(0) Obligation:
Clauses:
thief(john).
thief(X) :- ','(thief(X), !).
Queries:
thief(g).
(1) PrologToDTProblemTransformerProof (SOUND transformation)
Built DT problem from termination graph.
(2) Obligation:
Triples:
thief1(T7) :- thief1(T7).
Clauses:
thiefc1(john).
thiefc1(john).
thiefc1(T7) :- thiefc1(T7).
Afs:
thief1(x1) = thief1(x1)
(3) TriplesToPiDPProof (SOUND transformation)

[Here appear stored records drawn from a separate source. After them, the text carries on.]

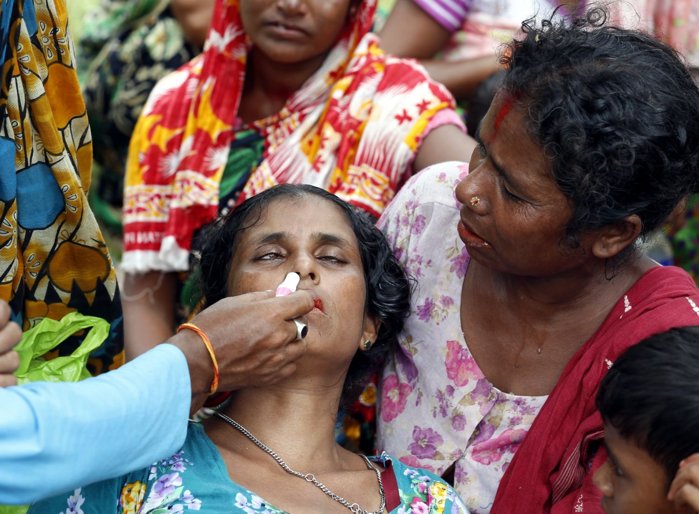 A relative of Hindu victims faints near the corpses dug from a grave in Maungdaw township in Rakhine state.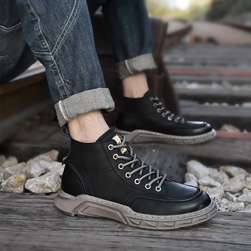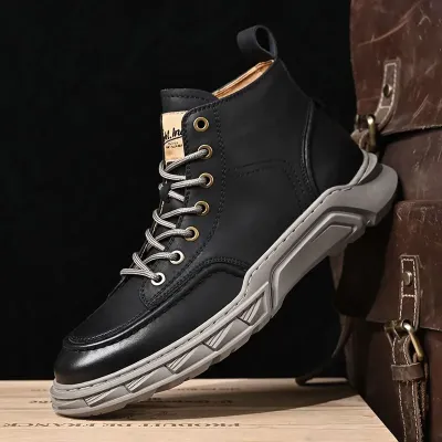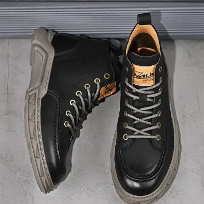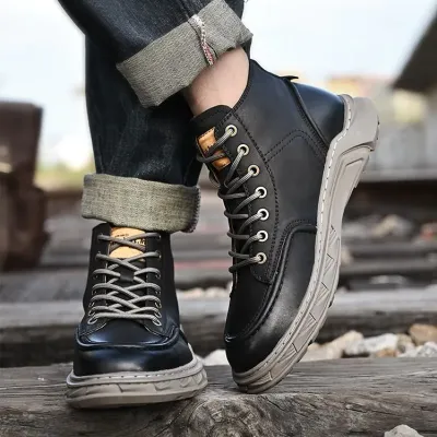 Upper Material: The upper is crafted from genuine C-o-w-h-i-d-e leather, ensuring durability and a premium feel.Outsole Material: The rubber sole provides strong traction and lasting wear.Insole Material: PU leather on the insole delivers cushioned comfort and support.Pattern: A solid pattern gives the boots a timeless and elegant look.Weight: The boots weigh between 860 and 1020 grams, offering a balanced feel.Toe Shape: The round head toe shape ensures ample room and comfort.Closure Type: Lace-up closures allow for a secure and adjustable fit.Features: The boots are designed to be breathable, wear-resistant, lightweight, and equipped with anti-slip properties for reliable performance.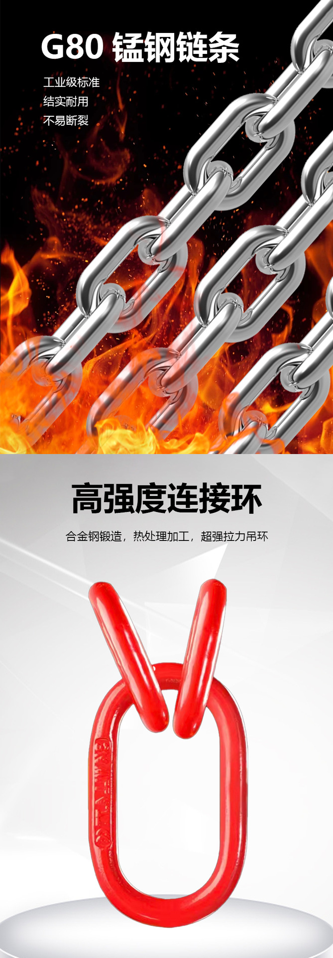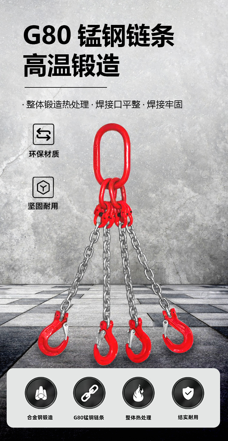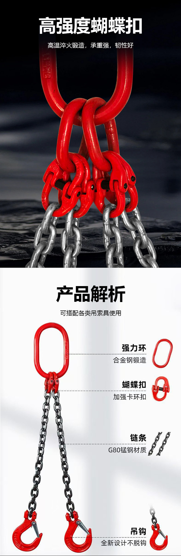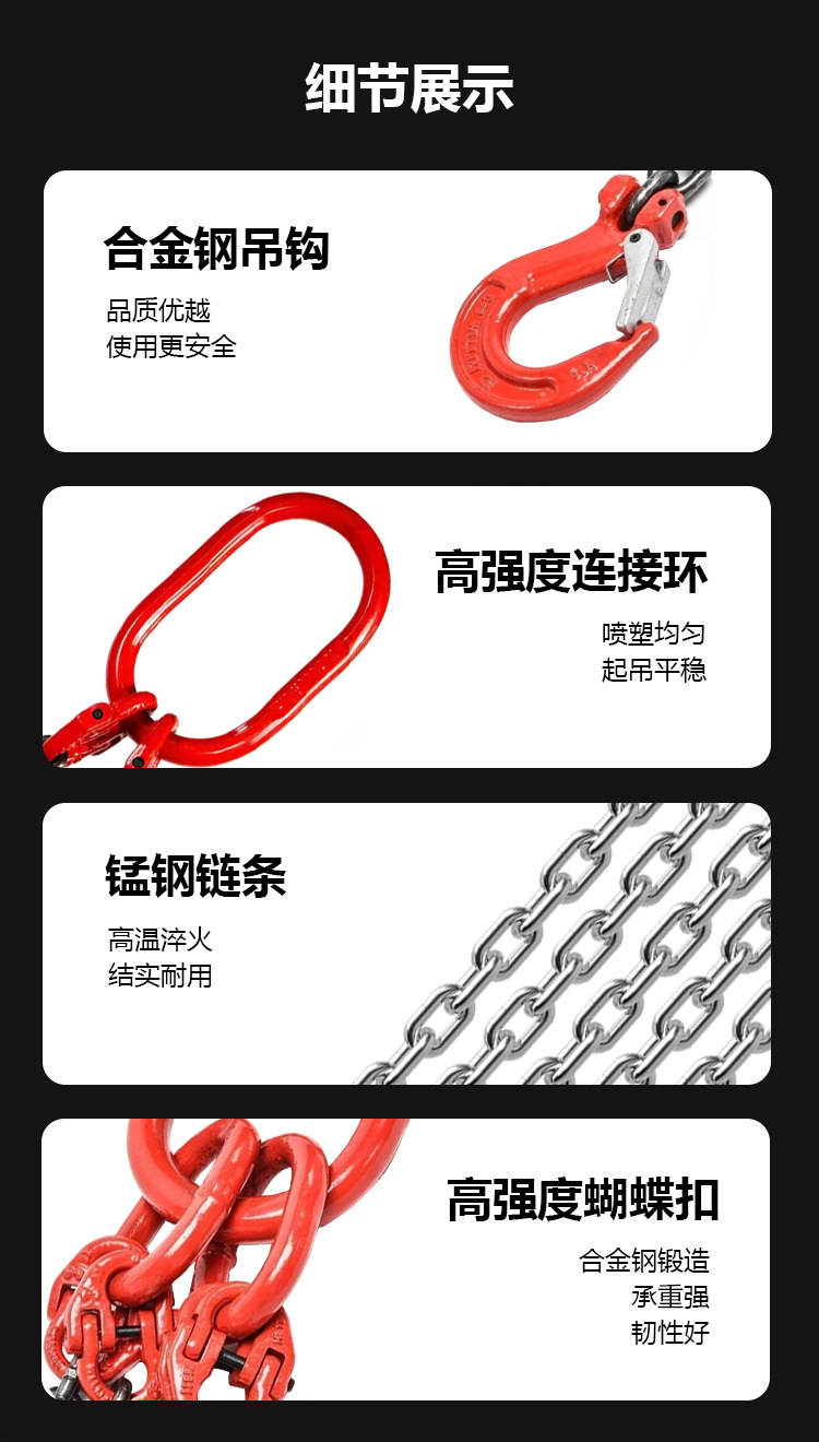包装清单:1成套吊索具双腿四腿起重吊链g80链条吊钩吊环组合吊具多规格定制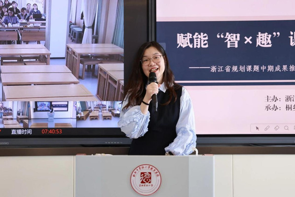 桐乡市崇福实验小学书记、校长李萍介绍了《“智×趣”课堂:小学生课堂学习的变革研究》省级课题中期成果。李萍校长围绕课题核心内容,简明扼要地介绍了课题的选题缘由,研究综述、界定与愿景,研究内容与策略,以及研究进程与展望。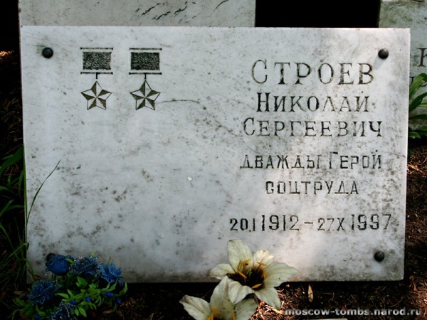 Бронзовый бюст Н.С.Строева установлен в Москве, а в Жуковском на территории Лётно-исследовательского института – памятная доска.
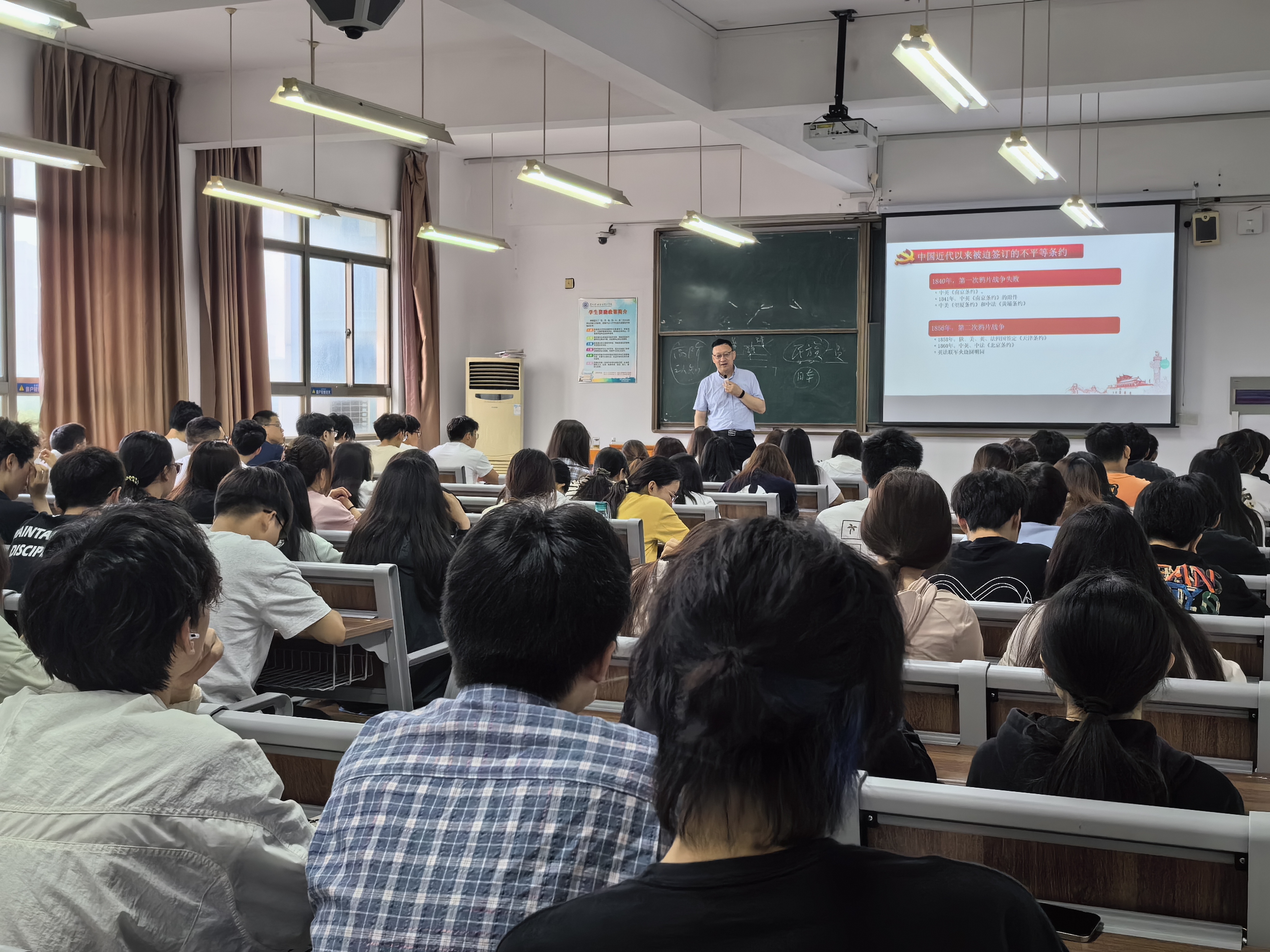 课上,苏霄飞以丰富的历史知识和深刻的理论洞察,带领学生们穿越千年时光,从古代中国的辉煌文明到近现代的民族抗争,再到新中国成立后的快速发展,全面回顾了中华民族的奋斗历程。他指出,中国共产党的成立是中国历史上开天辟地的大事变,是中华民族发展史上的里程碑。并重点阐述了中国共产党成立100年来,带领中国人民进行的伟大斗争、建设的伟大工程、推进的伟大事业、实现的伟大梦想。在党的领导下,中国实现了从站起来、富起来到强起来的伟大飞跃。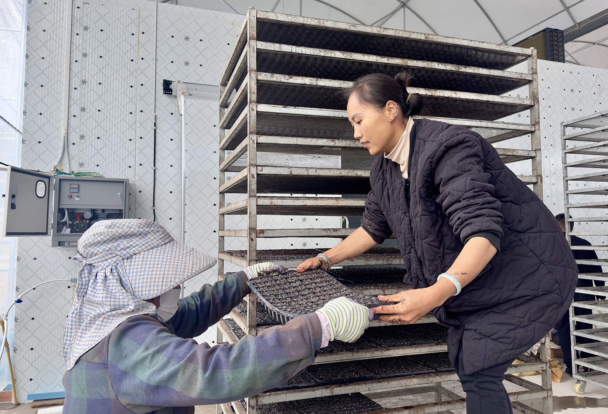 虽是冬日,普洱市镇沅彝族哈尼族拉祜族自治县者东镇者干河畔育苗大棚内却暖意融融,生机盎然。村民们在育苗架间分工协作,一系列育苗动作娴熟流畅,指尖翻飞间,奏响了乡村振兴的希望乐章。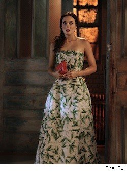 Penn Badgley, Ed Westwick and Chace Crawford made it a formal event dressed in suits and looking simply divine. Although Leighton Meester’s character, Blair, is sometimes aggressive and manipulative, Leighton looked striking and innocent in a Balmain white handkerchief hem strapless dress fastened at the waist and bodice with a gold brooch. Her long hair was straightened with feathered bangs.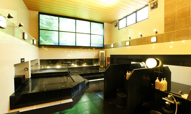 浴室内は洗い場と湯船を黒いタイルでまとめたシックな空間。鉢植えの造花を飾ったりと気を遣っている一方で、出しっ放しのポリッシャー、そして故障中の水飲水栓。バックヤード(機械室)のドアも外され、プラ段での応急的な仕切り。何かしら壊れているのは「サウナあるある」かもしれないが、これではスパリゾートの名が廃る。島列で並んだ洗い場の奥には、北海道二股カルシウム温泉の湯船。大きな人工温泉装置を備え、また湯船の一部をバイブラ湯にしている。そして3〜4人が精一杯の水風呂。(浴室の写真はスパリゾートプレジデント公式サイトより転載)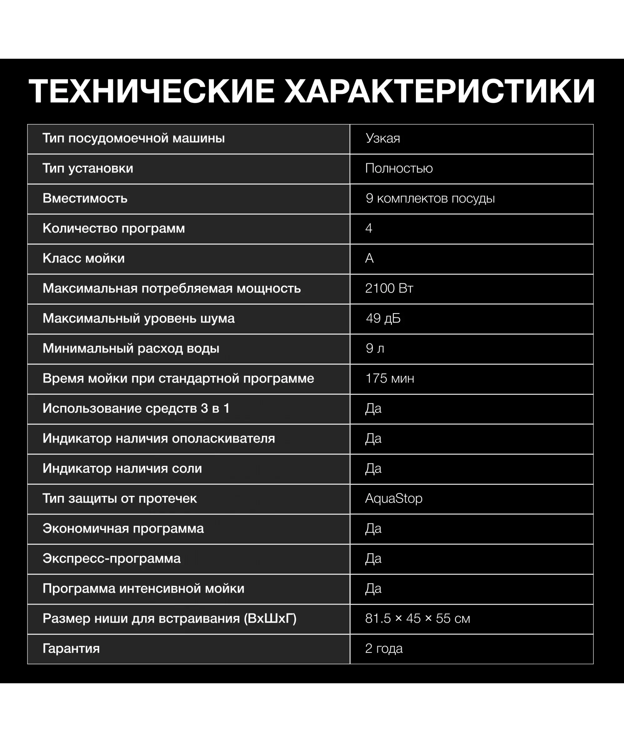| Режимы и программы | интенсивная мойка, стандартная программа, экономичная мойка, экспресс-программа |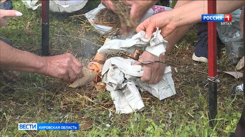 Еще один не самый простой этап — "пережги нитку". У участников была одна спичка и природные материалы — береста, сено и щепки, чтобы разжечь костёр и пережечь нитку. Команде "Шижма-1" понадобилось меньше минуты, чтобы справиться с этим заданием.

We use the technique of [LOPSTR]. With regard to the inferred argument filtering the predicates were used in the following modes:
thief1_in: (b)
Transforming
TRIPLES into the following
Term Rewriting System:
Pi DP problem:
The TRS P consists of the following rules:
THIEF1_IN_G(T7) → U1_G(T7, thief1_in_g(T7))
THIEF1_IN_G(T7) → THIEF1_IN_G(T7)
R is empty.
Pi is empty.
We have to consider all (P,R,Pi)-chains
Infinitary Constructor Rewriting Termination of PiDP implies Termination of TRIPLES
(4) Obligation:
Pi DP problem:
The TRS P consists of the following rules:
THIEF1_IN_G(T7) → U1_G(T7, thief1_in_g(T7))
THIEF1_IN_G(T7) → THIEF1_IN_G(T7)
R is empty.
Pi is empty.
We have to consider all (P,R,Pi)-chains
(5) DependencyGraphProof (EQUIVALENT transformation)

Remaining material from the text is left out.